(Beginning of Data to use)

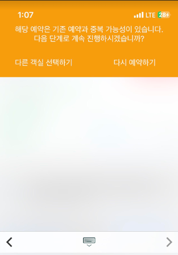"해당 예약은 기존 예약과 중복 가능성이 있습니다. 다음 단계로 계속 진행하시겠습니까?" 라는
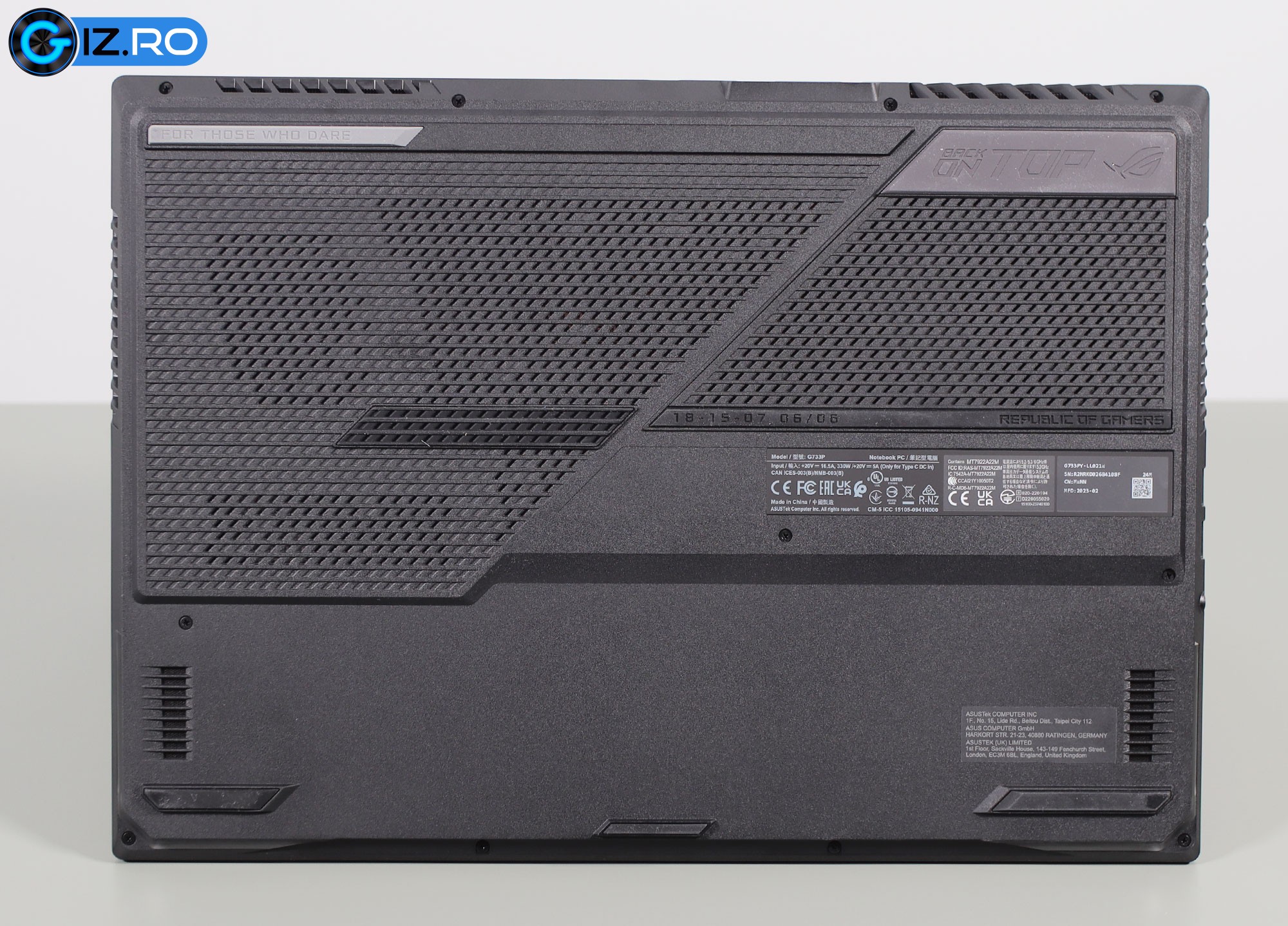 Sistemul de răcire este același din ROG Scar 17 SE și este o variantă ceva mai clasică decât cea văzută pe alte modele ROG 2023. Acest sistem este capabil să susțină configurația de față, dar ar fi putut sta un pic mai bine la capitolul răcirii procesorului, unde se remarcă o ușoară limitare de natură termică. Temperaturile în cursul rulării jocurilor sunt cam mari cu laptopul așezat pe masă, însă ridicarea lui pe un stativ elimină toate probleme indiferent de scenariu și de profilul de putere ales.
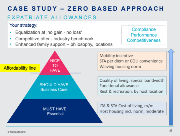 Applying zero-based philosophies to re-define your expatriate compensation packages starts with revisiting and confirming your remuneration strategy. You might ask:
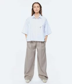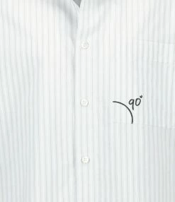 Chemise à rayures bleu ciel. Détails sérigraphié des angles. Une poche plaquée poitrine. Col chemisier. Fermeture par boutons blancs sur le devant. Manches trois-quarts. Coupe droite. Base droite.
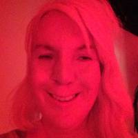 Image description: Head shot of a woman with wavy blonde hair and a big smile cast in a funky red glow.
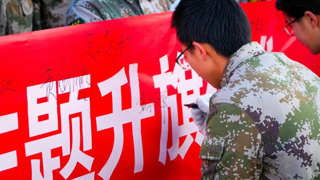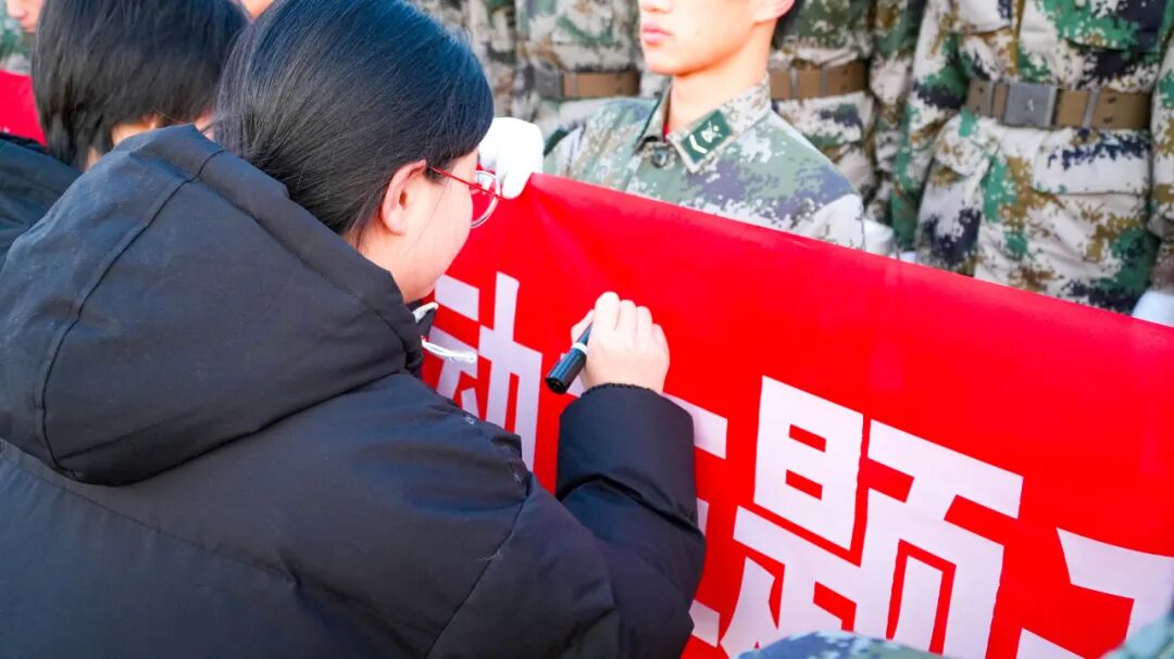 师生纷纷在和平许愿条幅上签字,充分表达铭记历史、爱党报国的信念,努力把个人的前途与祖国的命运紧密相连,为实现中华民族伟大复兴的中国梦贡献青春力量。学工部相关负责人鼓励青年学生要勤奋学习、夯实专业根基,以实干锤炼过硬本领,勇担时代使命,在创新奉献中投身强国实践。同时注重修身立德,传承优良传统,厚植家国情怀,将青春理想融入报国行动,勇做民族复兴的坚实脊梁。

(End of Data to use)
(Beginning of Data to use)

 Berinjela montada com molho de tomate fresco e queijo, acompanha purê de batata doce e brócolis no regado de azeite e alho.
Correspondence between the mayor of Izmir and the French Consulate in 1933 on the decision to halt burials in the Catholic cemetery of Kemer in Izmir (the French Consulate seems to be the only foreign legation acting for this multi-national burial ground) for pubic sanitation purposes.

(End of Data to use)

Could you write out exactly the lines of the data above that run from the one holding "예약과 중복 가능성이" to the one holding "Sistemul de răcire", with both ends in and all pictures out?

"해당 예약은 기존 예약과 중복 가능성이 있습니다. 다음 단계로 계속 진행하시겠습니까?" 라는
 Sistemul de răcire este același din ROG Scar 17 SE și este o variantă ceva mai clasică decât cea văzută pe alte modele ROG 2023. Acest sistem este capabil să susțină configurația de față, dar ar fi putut sta un pic mai bine la capitolul răcirii procesorului, unde se remarcă o ușoară limitare de natură termică. Temperaturile în cursul rulării jocurilor sunt cam mari cu laptopul așezat pe masă, însă ridicarea lui pe un stativ elimină toate probleme indiferent de scenariu și de profilul de putere ales.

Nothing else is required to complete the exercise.